** WORK TO BE COMPLETED **
An exact repetition of the data below, without images, is the expected answer.

** DATA BLOCK **
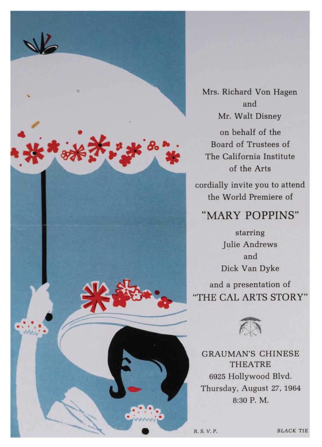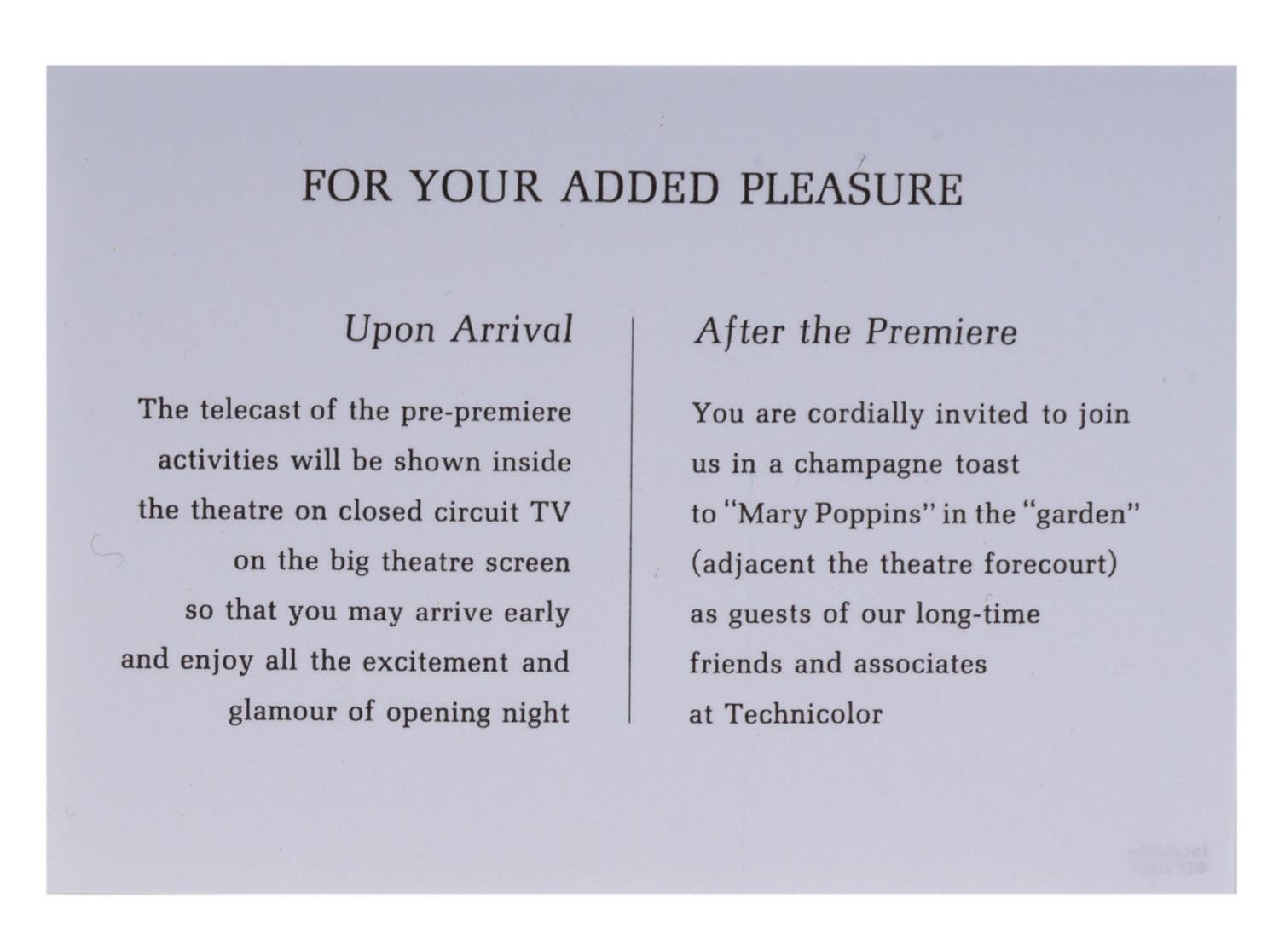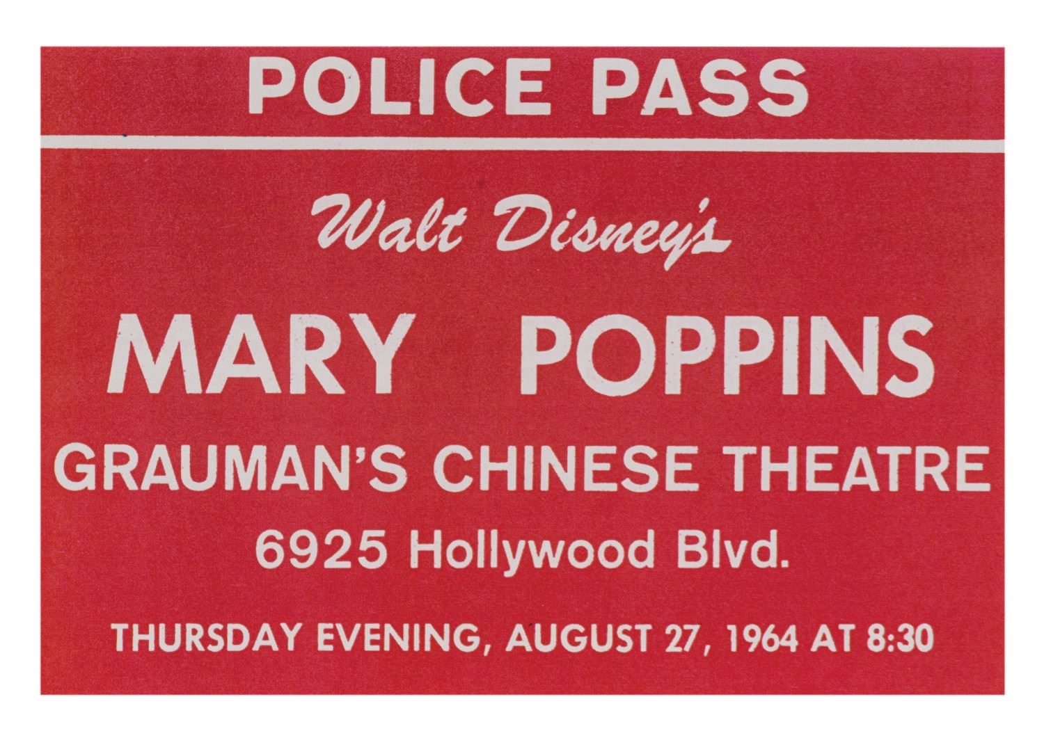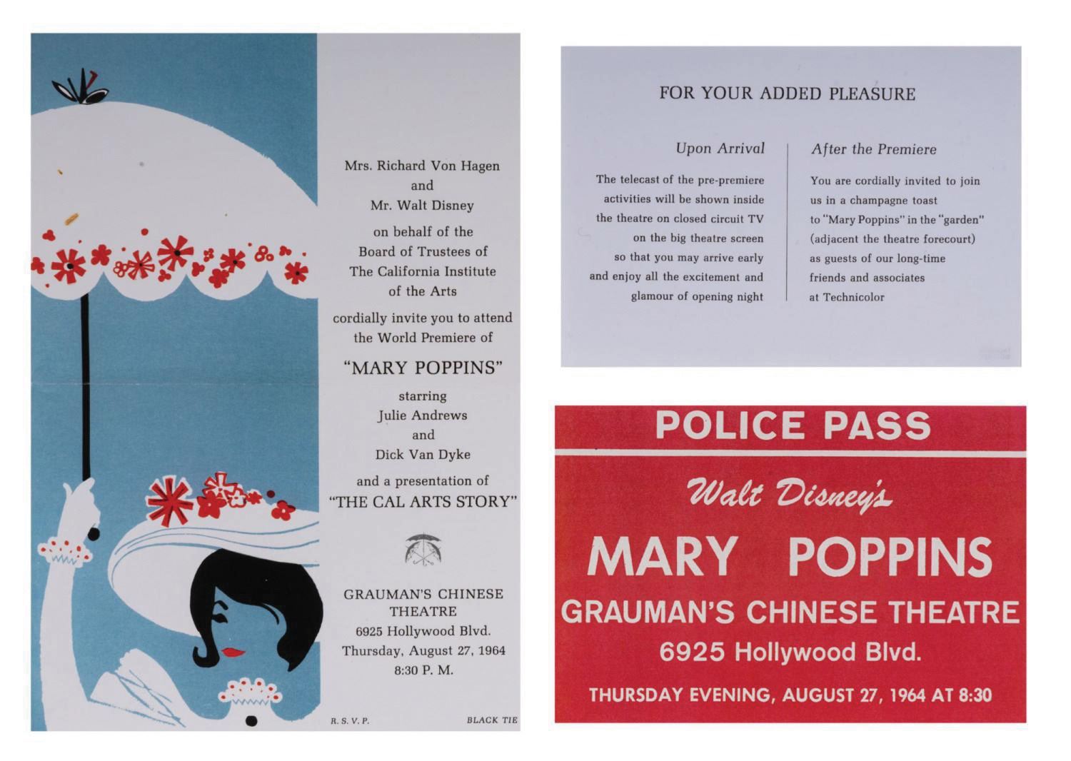 (Disney, 2003) A Disney-produced reproduction of the invitation to the Mary Poppins World Premier and presentation of "The Cal Arts Story" held at the Grauman's Chinese Theater in 1964. The invitation comes with a reproduction windshield mountable Police Pass and announcement of pre-premier activities as well as a post-premier "champagne toast." The historic set was reproduced by the Walt Disney Archives in 2003. The invitation measures 7.5"x5.25", and the items are in fine condition with little wear.
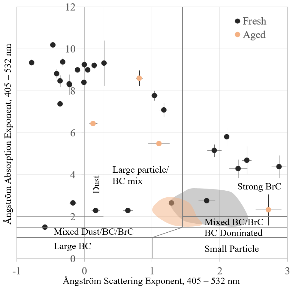 Characterizing the wavelength dependent properties of PM is important for understanding their role in radiative forcing and subsequent climate effects at the regional and global scale (Bond et al., 2013; Kirchstetter et al., 2004). AAE describes the wavelength dependence of aerosol absorption, which assumes a power-law relationship (Moosmüller et al., 2011). Plots of ASE vs AAE have been used to differentiate different particle types and the source of those particles. Measurements in this work are presented on this so-called Ångström matrix plot in Fig. 4 with source labels are derived from Cazorla et al. (2013). Also included are previous observations of African fuels for fresh and photo-aged emissions (McRee et al., 2024).
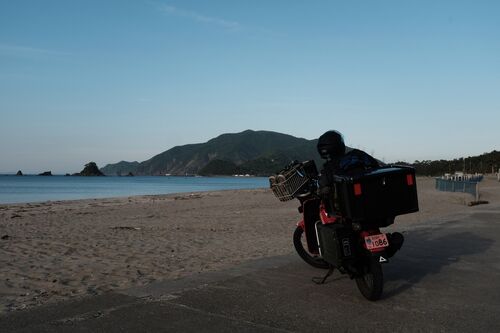 砂から家を守る防風林を抜ける道 その奥に行ったら浜に出れるよ。 垣根の向こうで庭の手入れをしていたおばさんが声をかけてくれた。 ありがとうございます。 若狭の湾内、静かな波音が響く 浜辺で本を読む人 散歩をする人 海と人が近いいい場所です。 日が…
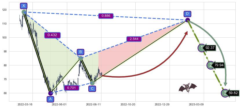➣ 未完成【蝙蝠】形态起点X: 2022-02-25, 已到达C点: 2022-07-25, 预测最终D点: 2023-02-03, 共235交易日

** EXPECTED OUTPUT **
 (Disney, 2003) A Disney-produced reproduction of the invitation to the Mary Poppins World Premier and presentation of "The Cal Arts Story" held at the Grauman's Chinese Theater in 1964. The invitation comes with a reproduction windshield mountable Police Pass and announcement of pre-premier activities as well as a post-premier "champagne toast." The historic set was reproduced by the Walt Disney Archives in 2003. The invitation measures 7.5"x5.25", and the items are in fine condition with little wear.
 Characterizing the wavelength dependent properties of PM is important for understanding their role in radiative forcing and subsequent climate effects at the regional and global scale (Bond et al., 2013; Kirchstetter et al., 2004). AAE describes the wavelength dependence of aerosol absorption, which assumes a power-law relationship (Moosmüller et al., 2011). Plots of ASE vs AAE have been used to differentiate different particle types and the source of those particles. Measurements in this work are presented on this so-called Ångström matrix plot in Fig. 4 with source labels are derived from Cazorla et al. (2013). Also included are previous observations of African fuels for fresh and photo-aged emissions (McRee et al., 2024).
 砂から家を守る防風林を抜ける道 その奥に行ったら浜に出れるよ。 垣根の向こうで庭の手入れをしていたおばさんが声をかけてくれた。 ありがとうございます。 若狭の湾内、静かな波音が響く 浜辺で本を読む人 散歩をする人 海と人が近いいい場所です。 日が…
➣ 未完成【蝙蝠】形态起点X: 2022-02-25, 已到达C点: 2022-07-25, 预测最终D点: 2023-02-03, 共235交易日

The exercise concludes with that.